Nothing but the lines from the one with "Whether preparing large" down to the one with "VIEW 7 - WINSTANLEY" should be returned, exactly and with both ends included, from the material below.

**Entries shown**
=== Section Start ===

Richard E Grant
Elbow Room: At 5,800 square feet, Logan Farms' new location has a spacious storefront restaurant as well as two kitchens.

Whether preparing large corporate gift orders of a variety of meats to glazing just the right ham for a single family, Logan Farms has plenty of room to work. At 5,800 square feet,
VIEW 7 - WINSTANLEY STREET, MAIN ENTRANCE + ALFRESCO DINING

=== Section End ===
=== Section Start ===

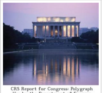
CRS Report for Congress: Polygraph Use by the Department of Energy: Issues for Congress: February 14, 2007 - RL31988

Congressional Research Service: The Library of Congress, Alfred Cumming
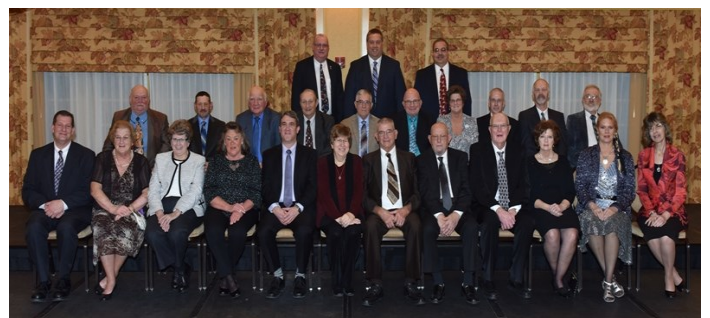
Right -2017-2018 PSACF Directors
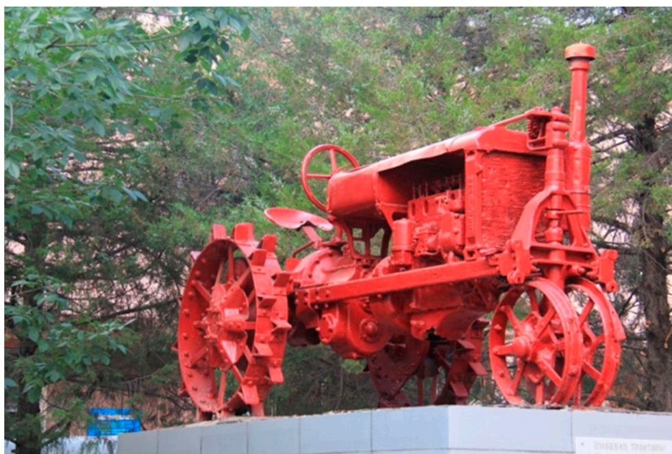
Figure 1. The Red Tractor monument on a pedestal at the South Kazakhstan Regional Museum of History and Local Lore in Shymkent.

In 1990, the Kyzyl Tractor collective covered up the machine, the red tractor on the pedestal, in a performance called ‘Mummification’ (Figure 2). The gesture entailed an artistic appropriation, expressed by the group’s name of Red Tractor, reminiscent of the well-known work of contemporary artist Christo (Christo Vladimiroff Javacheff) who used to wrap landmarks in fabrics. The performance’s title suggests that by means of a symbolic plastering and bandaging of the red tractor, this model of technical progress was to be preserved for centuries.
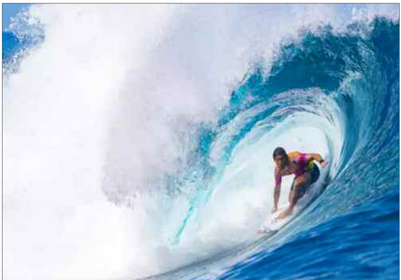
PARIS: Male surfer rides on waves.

=== Section End ===

**Reply to the task**
Whether preparing large corporate gift orders of a variety of meats to glazing just the right ham for a single family, Logan Farms has plenty of room to work. At 5,800 square feet,
VIEW 7 - WINSTANLEY STREET, MAIN ENTRANCE + ALFRESCO DINING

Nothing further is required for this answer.